I do notice that in the BackgroundPublishRK.cpp file that background publishing is only delaying by 1 time slice when it is waiting. Would increasing the delay(1) calls to delay(100)or some such be an advisable way to get around these issues, or would that cause other problems of its own?

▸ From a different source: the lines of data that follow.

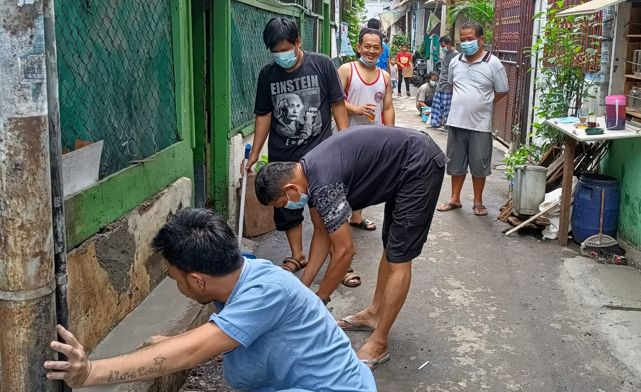 Ia menjelaskan, meskipun sedang kerja bakti, warganya tetap menjaga protokol kesehatan dengan 3M.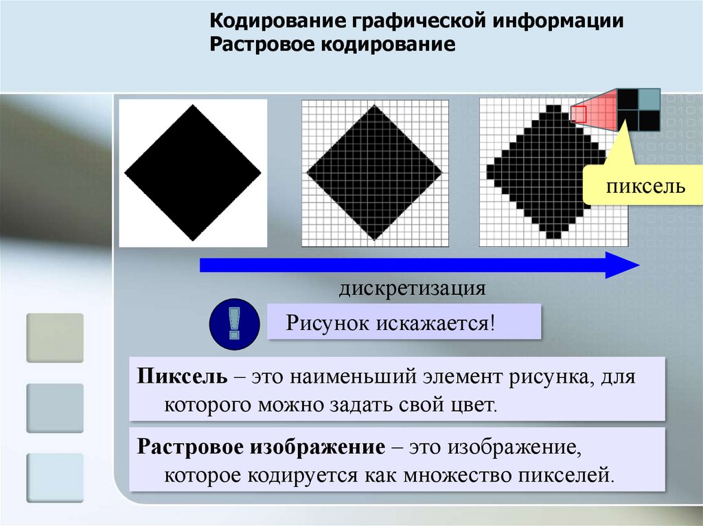 Но логически пиксели всё равно представляют в виде квадратов. Так проще и понятнее.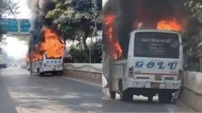 इंदौर में बड़ा हादसा: पटेल ब्रिज के नीचे विधायक गोलू शुक्ला की बस में लगी आग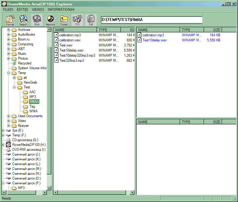 А вот собственная программа форматирования вполне может пригодиться — плееры работают только с FAT16, а штатными средствами можно ненароком форматнуть память и под FAT32. Для подобных случаев или нейтрализации последствий аппаратных сбоев и предназначена данная программа. Кстати — очень она мне напомнила протестированные год назад плейдрайвы. Подробное изучение вопроса показало, что обе модели действительно используют контроллер от SigmaTel, правда (по крайней мере, судя по более высокой скорости) обновленной версии.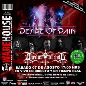 Desire Of Pain, banda de death Metal melódico, de la ciudad de Santiago, prometen un show demoledor repasando parte de su discografía, destacando su excelente trabajo lanzado el año 2018 “Immensity”.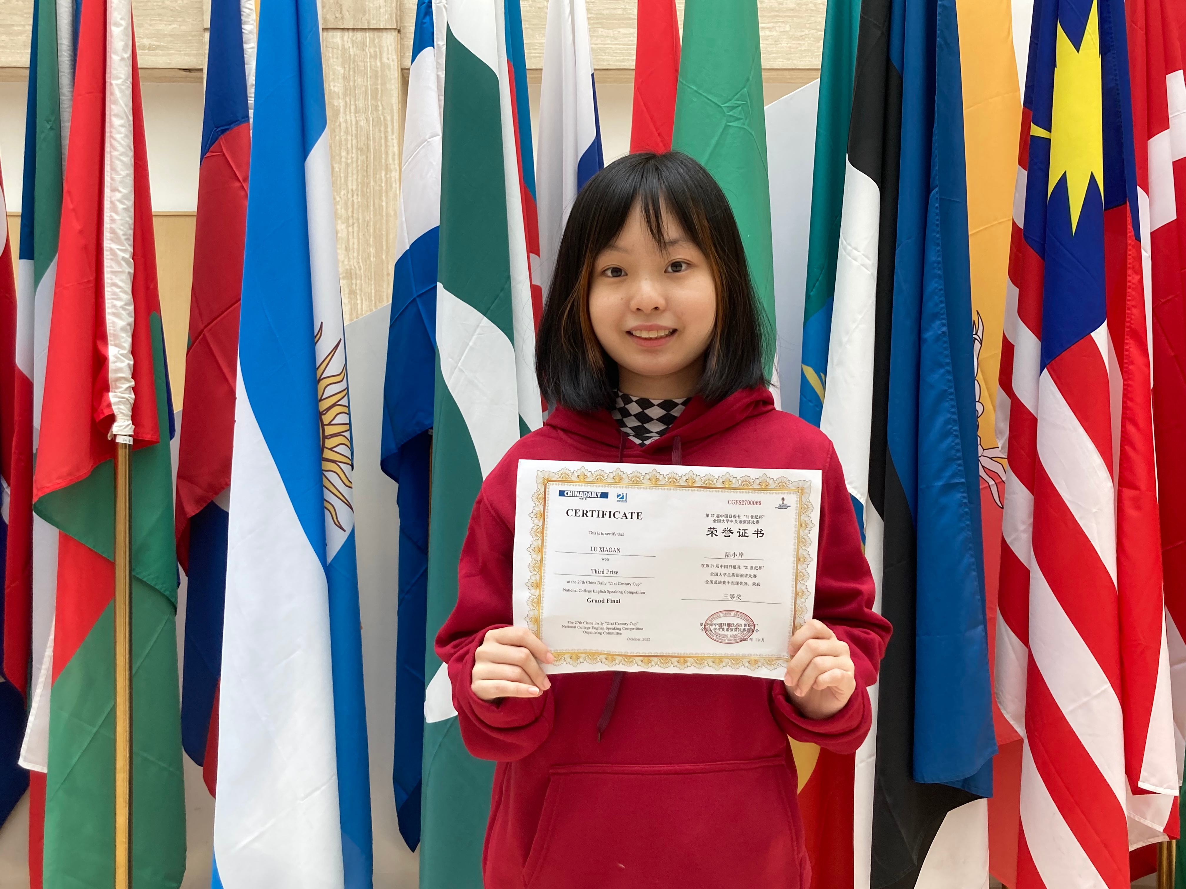 A third-year student in the Chinese-English Translation and Interpretation Bachelor's Degree Programme of the Faculty of Languages and Translation of Macao Polytechnic University, Lu Xiaoan, performed well and won the third prize in the final of the National University Student English Speaking Competition.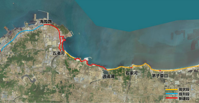 ??????沿步道升級改造總面積64.8公頃的郊野休閑景觀帶,將讓市民和游客在一步一景中,實現從城市到海邊的“浪漫過渡”。目前,已栽植櫻花、紫薇、紫葉李以及各種草花20余萬株,栽植檉柳、造型黑松、龍柏等耐鹽堿、抗海風生態樹種三萬多株。
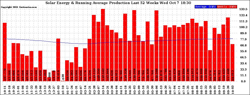 20151007 Weekly Solar Energy Production Running Average Last 52 Weeks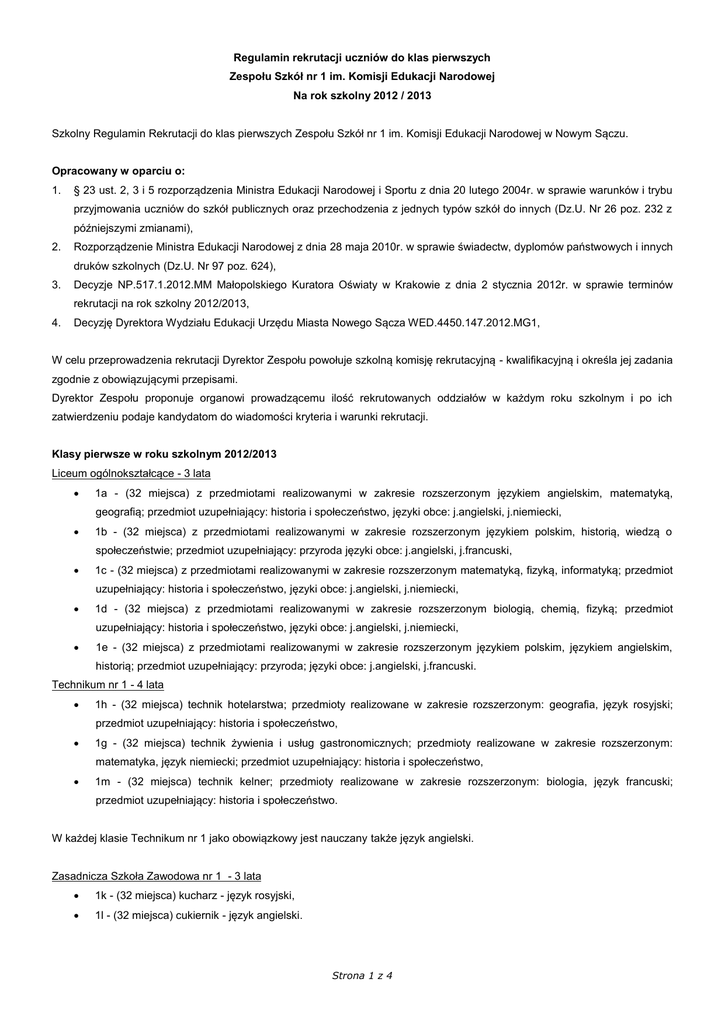 Regulamin rekrutacji uczniów do klas pierwszych Zespołu Szkół nr 1 im. Komisji Edukacji Narodowej Na rok szkolny 2012 / 2013 Szkolny Regulamin Rekrutacji do klas pierwszych Zespołu Szkół nr 1 im. Komisji Edukacji Narodowej w Nowym Sączu. Opracowany w oparciu o: 1. § 23 ust. 2, 3 i 5 rozporządzenia Ministra Edukacji Narodowej i Sportu z dnia 20 lutego 2004r. w sprawie warunków i trybu przyjmowania uczniów do szkół publicznych oraz przechodzenia z jednych typów szkół do innych (Dz.U. Nr 26 poz. 232 z późniejszymi zmianami), 2. Rozporządzenie Ministra Edukacji Narodowej z dnia 28 maja 2010r. w sprawie świadectw, dyplomów państwowych i innych druków szkolnych (Dz.U. Nr 97 poz. 624), 3. Decyzje NP.517.1.2012.MM Małopolskiego Kuratora Oświaty w Krakowie z dnia 2 stycznia 2012r. w sprawie terminów rekrutacji na rok szkolny 2012/2013, 4. Decyzję Dyrektora Wydziału Edukacji Urzędu Miasta Nowego Sącza WED.4450.147.2012.MG1, W celu przeprowadzenia rekrutacji Dyrektor Zespołu powołuje szkolną komisję rekrutacyjną - kwalifikacyjną i określa jej zadania zgodnie z obowiązującymi przepisami. Dyrektor Zespołu proponuje organowi prowadzącemu ilość rekrutowanych oddziałów w każdym roku szkolnym i po ich zatwierdzeniu podaje kandydatom do wiadomości kryteria i warunki rekrutacji. Klasy pierwsze w roku szkolnym 2012/2013 Liceum ogólnokształcące - 3 lata 1a - (32 miejsca) z przedmiotami realizowanymi w zakresie rozszerzonym językiem angielskim, matematyką, geografią; przedmiot uzupełniający: historia i społeczeństwo, języki obce: j.angielski, j.niemiecki, 1b - (32 miejsca) z przedmiotami realizowanymi w zakresie rozszerzonym językiem polskim, historią, wiedzą o społeczeństwie; przedmiot uzupełniający: przyroda języki obce: j.angielski, j.francuski, 1c - (32 miejsca) z przedmiotami realizowanymi w zakresie rozszerzonym matematyką, fizyką, informatyką; przedmiot uzupełniający: historia i społeczeństwo, języki obce: j.angielski, j.niemiecki, 1d - (32 miejsca) z przedmiotami realizowanymi w zakresie rozszerzonym biologią, chemią, fizyką; przedmiot uzupełniający: historia i społeczeństwo, języki obce: j.angielski, j.niemiecki, 1e - (32 miejsca) z przedmiotami realizowanymi w zakresie rozszerzonym językiem polskim, językiem angielskim, historią; przedmiot uzupełniający: przyroda; języki obce: j.angielski, j.francuski. Technikum nr 1 - 4 lata 1h - (32 miejsca) technik hotelarstwa; przedmioty realizowane w zakresie rozszerzonym: geografia, język rosyjski; przedmiot uzupełniający: historia i społeczeństwo, 1g - (32 miejsca) technik żywienia i usług gastronomicznych; przedmioty realizowane w zakresie rozszerzonym: matematyka, język niemiecki; przedmiot uzupełniający: historia i społeczeństwo, 1m - (32 miejsca) technik kelner; przedmioty realizowane w zakresie rozszerzonym: biologia, język francuski; przedmiot uzupełniający: historia i społeczeństwo. W każdej klasie Technikum nr 1 jako obowiązkowy jest nauczany także język angielski. Zasadnicza Szkoła Zawodowa nr 1 - 3 lata 1k - (32 miejsca) kucharz - język rosyjski, 1l - (32 miejsca) cukiernik - język angielski. Strona 1 z 4 KRYTERIA PRZYJMOWANIA UCZNIÓW KLAS PIERWSZYCH §1 O przyjęciu do klas pierwszych szkół średnich w Zespole Szkół nr 1 w Nowym Sączu decyduje łączna liczba punktów uzyskanych z: z wyników egzaminu gimnazjalnego - maksymalnie 100 punktów, z przeliczenia na punkty ocen na świadectwie ukończenia gimnazjum z języka polskiego i trzech wybranych obowiązkowych zajęć edukacyjnych oraz szczególne osiągnięcia ucznia wymienione w świadectwie ukończenia gimnazjum - 100 punktów. Razem 200 punktów. Podania uczniów, którzy uzyskali łącznie mniej niż: do V Liceum Ogólnokształcącego - 100 punktów; do Technikum nr 1 - 90 punktów; do Zasadniczej Szkoły Zawodowej nr 1 - 30 punktów nie będą rozpatrywane. W przypadku rekrutacji uzupełniającej próg punktowy może zostać obniżony. Podania uczniów, którzy powtarzają klasę pierwszą lub starają się o ponowne przyjęcie do klasy pierwszej (zmiana szkoły) w Zespole Szkól nr 1 będą rozpatrywane od 27 do 31 sierpnia 2012r. w ramach rekrutacji dodatkowej. Wspomagającymi kryteriami uwzględnianymi przy rozpatrywaniu podania będzie ocena z zachowania oraz opinia poprzedniego wychowawcy lub pedagoga szkolnego. §2 Kandydaci mogą dokonywać wyboru szkoły spośród wszystkich typów szkół w Zespole (V Liceum Ogólnokształcące, Technikum nr 1, Zasadnicza Szkoła Zawodowa nr 1) i ubiegać się o przyjęcie do różnych oddziałów zgodnie z listą preferencji. §3 1. Punkty przyznawane są za oceny z następujących przedmiotów: Liceum ogólnokształcące - 3 lata 1a j.polski, j.angielski, matematyka, geografia 1b j.polski, j.obcy, historia, geografia 1c j.polski, j.obcy, matematyka, fizyka 1d j.polski, j.obcy, biologia, chemia 1e j.polski, j.obcy, historia, geografia Technikum nr 1 - 4 lata 1h j.polski, j.obcy, matematyka, geografia 1g j.polski, j.obcy, matematyka, geografia 1m j.polski, j.obcy, matematyka, geografia Zasadnicza Szkoła Zawodowa nr 1 - 3 lata 2. 1k j.polski, j.obcy, matematyka, geografia 1l j.polski, j.obcy, matematyka, geografia Punkty obliczane są z języka polskiego i trzech wybranych zajęć edukacyjnych według następujących zasad: a) celujący 20 punktów b) bardzo dobry 18 punktów c) dobry 15 punktów d) dostateczny 10 punktów Strona 2 z 4 e) 3. dopuszczający 2 punkty Kandydatom zwolnionym z egzaminu gimnazjalnego, liczbę punktów uzyskanych z języka polskiego i trzech wybranych zajęć edukacyjnych do celów rekrutacji mnoży się przez dwa. 4. Za szczególne osiągnięcia wymienione na świadectwie ukończenia gimnazjum kandydat może uzyskać co najwyżej 20 punktów przy czym: a) za ukończenie gimnazjum z wyróżnieniem b) za udział w konkursach organizowanych przez kuratora oświaty: c) 5 punktów finalista konkursu ponadwoje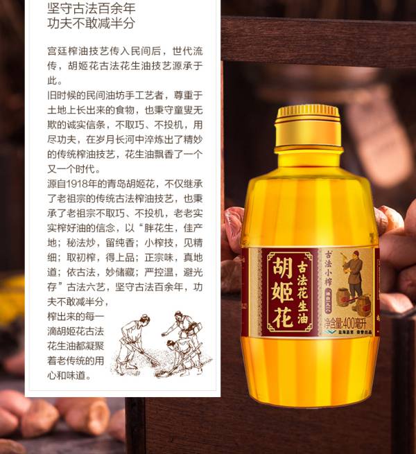 胡姬花 古法小榨花生油400ml/瓶 食用油
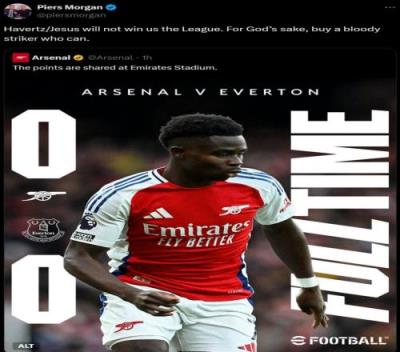 体育资讯12月15日报道宣称 本轮英超比赛中,阿森纳主场0-0战平埃弗顿,枪手全场13脚射门,但颗粒无收。赛后、知名枪迷、英国名嘴皮尔斯-摩根又一次吐槽了枪手锋无力的问题,呼吁阿尔特塔签前锋。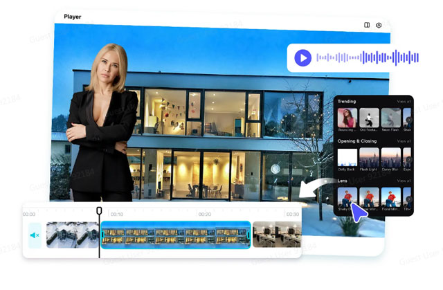 In the video editor, you can customize the video reel by adjusting video clips, text overlays that highlight features, transitions, visual effects, and background music.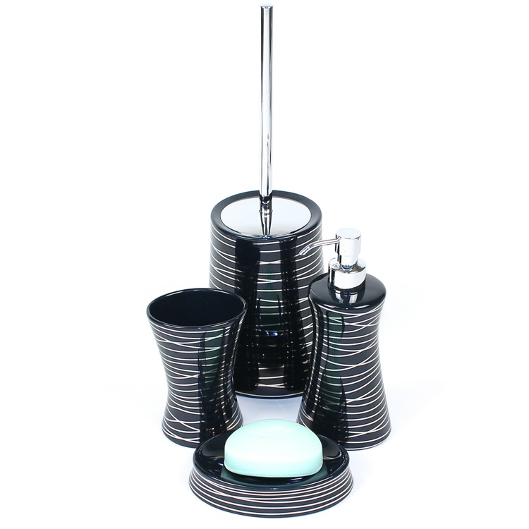 | Short Description: | Stylish, decorative bathroom accessory set which includes toothbrush holder, toilet brush holder, soap dispenser, and soap dish. Collection made of pottery. |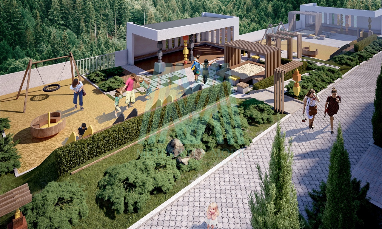В самом сердце комплекса предусмотрено строительство современной школы на 900 мест и двух детских садов на 380 малышей. Торговые галереи предусмотрены для следующих групп: супермаркеты, банк, аптека, магазин фермерской продукции, спортзал, фитнесс-центр, тренажерный зал, бассейн, детский развивающий клуб, кофейня, салон красоты, школа раннего развития деток, всё это создаст комфортную среду для жителей нашего микрорайона.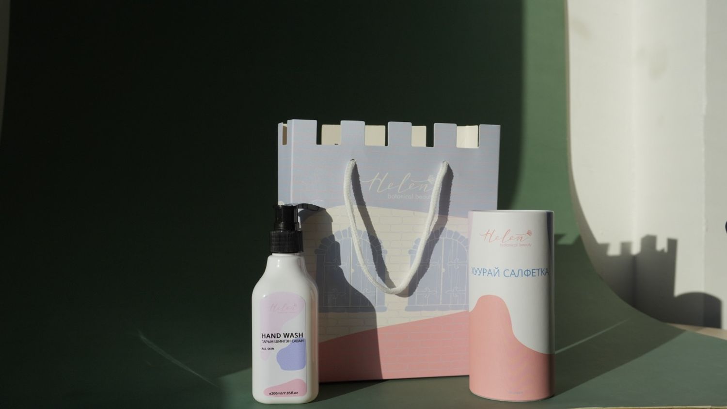 Багцад: 1. Бэлгийн цаасан тор 2. Гарын шингэн саван 200 мл 3. Хайрцагтай хуурай салфетка 50 ш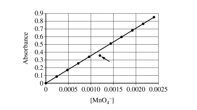 Since the marked point is below the best-fit line, its measured absorbance is too small for its stated concentration. A little leftover water in the cuvette would cause exactly that.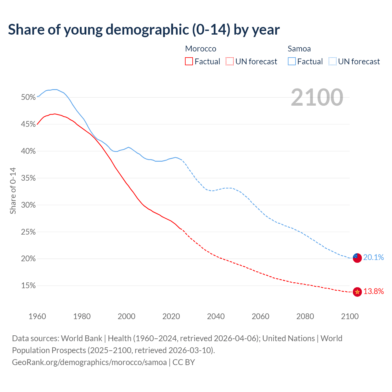 - The share of young demographic (0-15 years old) in Morocco is 25.6% vs 38.5% in Samoa.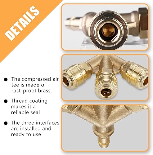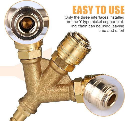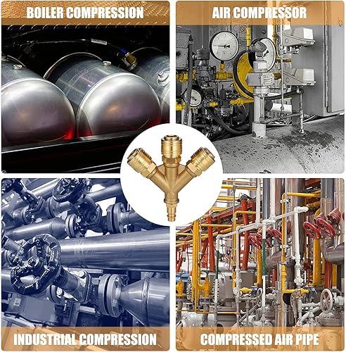Druckluftverteiler 3-Fach mit Kupplungen, 1/4-Zoll Verteiler Luftverteiler 3 Druckluftweiche mit Außengewinde, Messing Kupplungsstecker mit Kupplungsdosen NW 7,2 Luftweiche Y Verteiler

void BackgroundPublishRK::thread_f()
{
    while(true)
    {
        while(state == BACKGROUND_PUBLISH_IDLE)
        {
            // yield to rest of system while we wait
            // a condition variable would be ideal but doesn't look like
            // std::condition_variable is supported
            delay(1);
        }

        if(state == BACKGROUND_PUBLISH_STOP)
        {
            return;
        }

        // temporarily acquire the lock
        // this allows a calling thread to block the publish thread if it needs
        // additional synchronization around a publish request and acts as a
        // memory barrier around publish arguments to ensure all updates
        // are complete
        lock();
        unlock();

        // kick off the publish
        // WITH_ACK does not work as expected from a background thread
        // use the Future<bool> object directly as its default wait
        // (used by WITH_ACK) short-circuits when not called from the
        // main application thread
        #if SYSTEM_VERSION >= SYSTEM_VERSION_DEFAULT(6,2,0) && defined(FEATURE_BIGGER_CBOR_VARIANT_WEBHOOKS)
        EventData local_ev = Variant::fromJSON(event_data);
        auto ok = Particle.publish(event_name, local_ev, event_flags);
        #else
        auto ok = Particle.publish(event_name, event_data, event_flags);
        #endif

        // then wait for publish to complete
        while(!ok.isDone() && state != BACKGROUND_PUBLISH_STOP)
        {
            // yield to rest of system while we wait
            delay(1);
        }

        if(completed_cb)
        {
            completed_cb(ok.isSucceeded(),
                event_name,
                event_data,
                event_context);
        }

        WITH_LOCK(*this)
        {
            if(state == BACKGROUND_PUBLISH_STOP)
            {
                return;
            }
            event_context = NULL;
            completed_cb = NULL;
            state = BACKGROUND_PUBLISH_IDLE;
        }
    }
}

By the way, Serial1 on both M-SoM and Photon 2 does not use DMA, it uses interrupt mode.

DMA mode is used on the cellular modem UART on M-SoM and Serial2 on Photon 2.

I was able to solve the issue by:

  1. increasing the yield delay() calls in the BackgroundPublishRK library from 1 ms to 100 ms –> delay(100)
  2. I refactored my app’s code where it waits for serial response to have a doubled nested while(Serial1.available()) loop with delay(1) between loop evaluations. This ensures that when my application’s thread finishes unloading from Serial1, it waits for more serial bytes to come in (defers to Particle Device OS thread) before moving on to higher-order packet processing chores. This effectively makes my application thread just unload the Serial1 class via read() calls, with deference to the Particle Device OS thread in between.

The net result is that the Particle Device OS thread now likely runs the vast majority of the time that we are waiting for bytes, (likely > 75% of the time?) whereas before it was only running 1/3 of the time (sharing runtime equally with the other two threads).

3 Likes

This topic was automatically closed 30 days after the last reply. New replies are no longer allowed.